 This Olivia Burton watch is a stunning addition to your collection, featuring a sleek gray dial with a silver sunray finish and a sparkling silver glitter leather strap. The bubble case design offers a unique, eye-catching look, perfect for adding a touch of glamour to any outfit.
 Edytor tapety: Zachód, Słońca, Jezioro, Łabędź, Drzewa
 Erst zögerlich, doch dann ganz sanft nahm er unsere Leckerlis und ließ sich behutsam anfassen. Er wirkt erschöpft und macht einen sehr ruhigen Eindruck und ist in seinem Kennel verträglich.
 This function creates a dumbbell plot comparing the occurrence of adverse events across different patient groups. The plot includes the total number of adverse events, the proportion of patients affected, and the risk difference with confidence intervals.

...

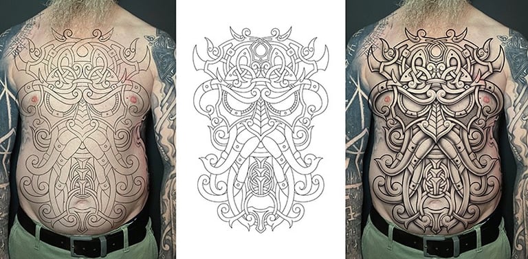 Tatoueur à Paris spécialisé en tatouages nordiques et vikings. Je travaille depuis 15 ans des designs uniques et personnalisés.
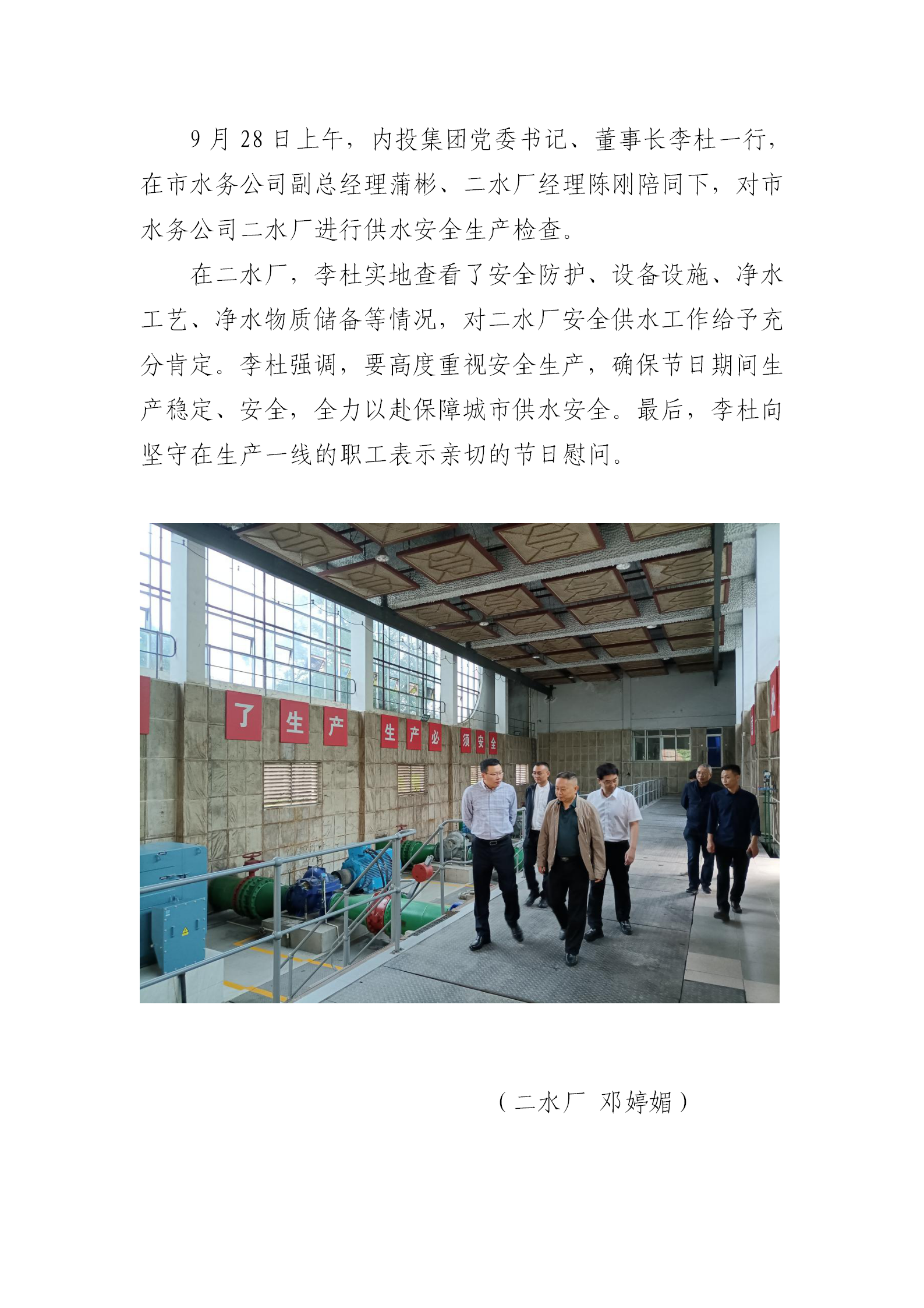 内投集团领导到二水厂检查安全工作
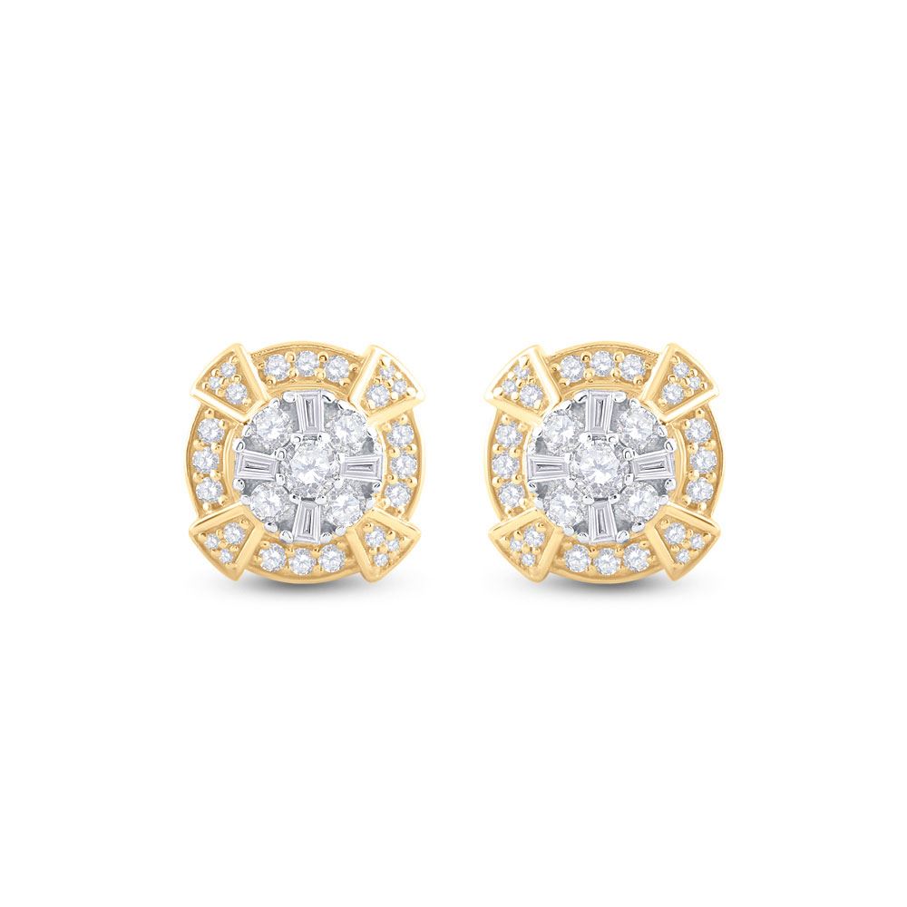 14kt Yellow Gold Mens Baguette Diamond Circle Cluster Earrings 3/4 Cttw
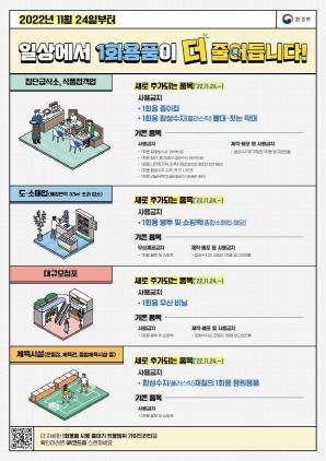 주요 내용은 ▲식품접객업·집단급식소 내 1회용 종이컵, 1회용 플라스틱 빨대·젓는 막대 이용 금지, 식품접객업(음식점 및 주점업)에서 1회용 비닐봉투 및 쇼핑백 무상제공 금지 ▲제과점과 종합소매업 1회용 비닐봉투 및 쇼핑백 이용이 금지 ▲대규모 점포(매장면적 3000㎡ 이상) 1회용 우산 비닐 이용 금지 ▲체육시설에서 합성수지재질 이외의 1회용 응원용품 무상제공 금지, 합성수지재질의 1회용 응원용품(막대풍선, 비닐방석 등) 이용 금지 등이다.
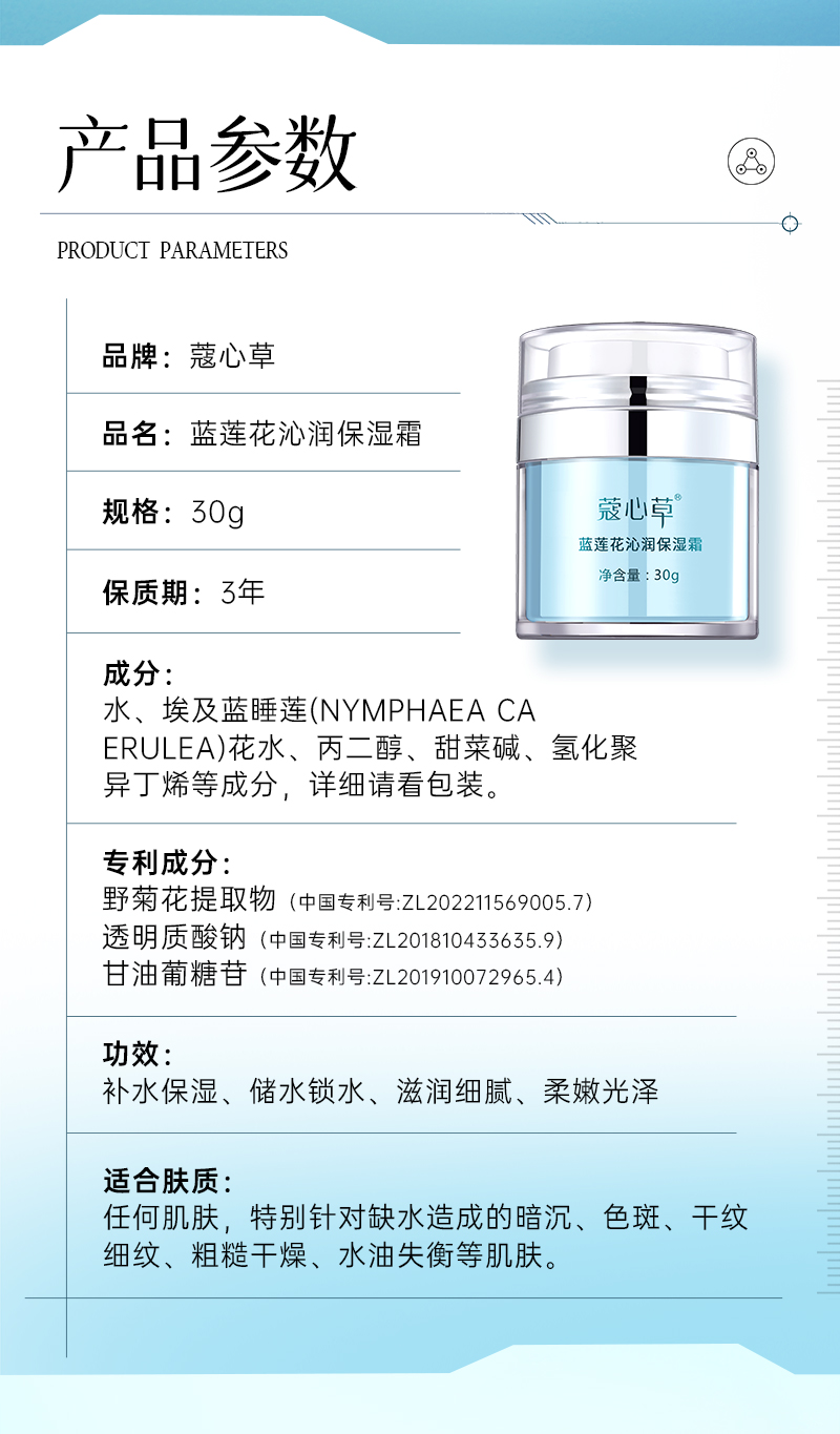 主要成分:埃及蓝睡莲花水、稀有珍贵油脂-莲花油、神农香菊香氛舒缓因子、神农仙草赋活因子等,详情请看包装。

---

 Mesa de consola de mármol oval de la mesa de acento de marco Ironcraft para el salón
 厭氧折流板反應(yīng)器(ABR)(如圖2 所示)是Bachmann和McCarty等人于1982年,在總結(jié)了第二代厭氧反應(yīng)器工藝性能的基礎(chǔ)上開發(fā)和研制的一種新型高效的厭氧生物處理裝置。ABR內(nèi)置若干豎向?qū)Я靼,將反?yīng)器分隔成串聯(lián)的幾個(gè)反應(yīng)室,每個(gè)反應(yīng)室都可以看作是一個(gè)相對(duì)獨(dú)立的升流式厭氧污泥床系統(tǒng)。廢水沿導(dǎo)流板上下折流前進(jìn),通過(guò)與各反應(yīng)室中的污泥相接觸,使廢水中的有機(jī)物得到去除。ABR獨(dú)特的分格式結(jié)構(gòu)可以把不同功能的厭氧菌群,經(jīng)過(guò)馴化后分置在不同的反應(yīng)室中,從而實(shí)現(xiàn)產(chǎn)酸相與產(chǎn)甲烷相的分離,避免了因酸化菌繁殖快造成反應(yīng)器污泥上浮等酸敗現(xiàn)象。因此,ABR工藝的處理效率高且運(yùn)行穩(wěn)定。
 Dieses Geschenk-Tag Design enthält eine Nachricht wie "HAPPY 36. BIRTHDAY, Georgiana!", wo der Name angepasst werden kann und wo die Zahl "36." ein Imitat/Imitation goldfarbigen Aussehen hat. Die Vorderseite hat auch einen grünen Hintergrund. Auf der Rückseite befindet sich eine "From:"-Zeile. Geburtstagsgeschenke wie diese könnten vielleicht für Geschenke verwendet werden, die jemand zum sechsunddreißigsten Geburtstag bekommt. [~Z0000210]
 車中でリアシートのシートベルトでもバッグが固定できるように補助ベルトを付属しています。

Description of the task
Using the entries above, give back exactly the line containing "Mesa de consola", the line containing "車中でリアシートのシートベル", and every line between them, and nothing else.

Expected answer
 Mesa de consola de mármol oval de la mesa de acento de marco Ironcraft para el salón
 厭氧折流板反應(yīng)器(ABR)(如圖2 所示)是Bachmann和McCarty等人于1982年,在總結(jié)了第二代厭氧反應(yīng)器工藝性能的基礎(chǔ)上開發(fā)和研制的一種新型高效的厭氧生物處理裝置。ABR內(nèi)置若干豎向?qū)Я靼,將反?yīng)器分隔成串聯(lián)的幾個(gè)反應(yīng)室,每個(gè)反應(yīng)室都可以看作是一個(gè)相對(duì)獨(dú)立的升流式厭氧污泥床系統(tǒng)。廢水沿導(dǎo)流板上下折流前進(jìn),通過(guò)與各反應(yīng)室中的污泥相接觸,使廢水中的有機(jī)物得到去除。ABR獨(dú)特的分格式結(jié)構(gòu)可以把不同功能的厭氧菌群,經(jīng)過(guò)馴化后分置在不同的反應(yīng)室中,從而實(shí)現(xiàn)產(chǎn)酸相與產(chǎn)甲烷相的分離,避免了因酸化菌繁殖快造成反應(yīng)器污泥上浮等酸敗現(xiàn)象。因此,ABR工藝的處理效率高且運(yùn)行穩(wěn)定。
 Dieses Geschenk-Tag Design enthält eine Nachricht wie "HAPPY 36. BIRTHDAY, Georgiana!", wo der Name angepasst werden kann und wo die Zahl "36." ein Imitat/Imitation goldfarbigen Aussehen hat. Die Vorderseite hat auch einen grünen Hintergrund. Auf der Rückseite befindet sich eine "From:"-Zeile. Geburtstagsgeschenke wie diese könnten vielleicht für Geschenke verwendet werden, die jemand zum sechsunddreißigsten Geburtstag bekommt. [~Z0000210]
 車中でリアシートのシートベルトでもバッグが固定できるように補助ベルトを付属しています。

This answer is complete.